Appointments → Audit (not telemetry)

Every appointment action is captured by Core API's audit middleware to the local audit_log table. This is not part of telemetry — it's the compliance audit trail. Telemetry never receives audit events; the previous "audit forwarding to telemetry" design is rejected — see ../telemetry/index.md.

Exercise Library → Video engagement events

When a patient watches an exercise video in the Patient Portal, the browser sends events to the Telemetry API.

Patient opens exercise video
  → session_start event (TTFB, load time, connection info)
  → heartbeat every 10s (buffering, bitrate, quality, dropped frames)
  → buffering_start/end (per-stall detail)
  → quality_change (ABR switches)
  → milestone (25%, 50%, 75%, 95% watched)
  → session_end (final stats, completion status)

All → POST /v1/media/events on Telemetry API
  → server aggregates into media_session_metrics + media_buffering_events (PG)

See ../telemetry/media-events.md for the full event specification.

Consent gate: analytics per-purpose flag must be active for the patient in the org.
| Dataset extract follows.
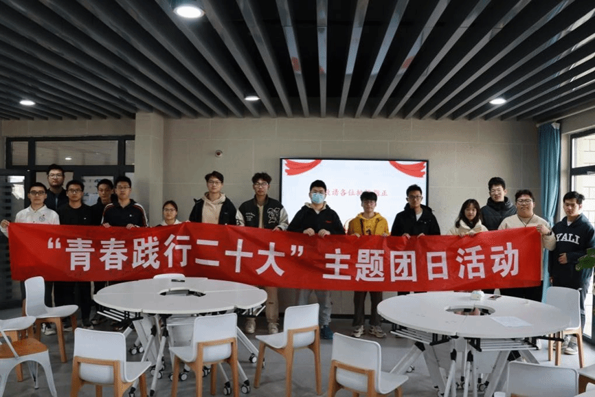 The Report of the 20th CPC National Congress puts forward significant requirements for the youth to "strive to be good young people of the new era who has lofty ideals, dare to shoulder responsibilities, and work hard", which fully reflects the Party's warm care and ardent expectations for the young generations, and clarifies the path to their healthy growth. On March 19, 2022, the Youth League branch of QM022201 of the class of 2022, together with the Youth League branch of QM012206, held a unique League Day activity with the theme of "Young People Implement the Spirit of the 20th CPC National Congress" at Qizhen Community, Hatianyuan, to further guide, unite and serve the youth, which also stimulated young people to fulfil their original aspirations and bravely carry out the mission of the times. The activity was presided over by Yang Liu, League Branch Secretary of the class in the polymer major of the class of 2022.

Treatment Plans → Pose tracking + Video engagement

Pose-tracked exercise sessions combine two ingest paths:

Patient starts pose-tracked session

  ├── Exercise video plays
  │     → media events (same as above)

  ├── MediaPipe runs in browser, outputs 33 landmarks per frame
  │     → 1-second batches, binary float32 + gzip, ~3 MB per 30-min session
  │     → POST /v1/pose/frames on Telemetry API (signed session token)
  │     → Telemetry API appends to S3 multipart buffer

  ├── Session completes
  │     → POST /v1/sessions/{id}/end
  │     → Telemetry API computes form_score / ROM / rep_count from landmarks
  │     → Finalizes S3 replay blob: s3://restartix-telemetry/{org_id}/{session_id}.bin.gz
  │     → Publishes events.Bus event
  │     → Core API subscriber writes pose_session_metrics, pose_rep_metrics, updates patient_exercise_logs

  └── Specialist review
        → Clinic app GET /v1/exercise-sessions/{id} → PG aggregates
        → Clinic app GET /v1/exercise-sessions/{id}/replay → signed S3 URL → blob fetch in browser

Consent gate: biometric per-purpose flag must be active for pose ingest. analytics for media events. Two named flags, no consent ladder.

Forms → Audit (not telemetry)

Form submissions are captured by audit middleware — same audit_log flow, no telemetry involvement.

Automations → events.Bus (not telemetry)

Automation executions publish on the internal events.Bus and are captured by audit middleware. They do not flow to Telemetry API. Earlier docs that suggested "automation analytics in ClickHouse" were rejected — automation effectiveness queries run against automation_executions in Core API Postgres directly.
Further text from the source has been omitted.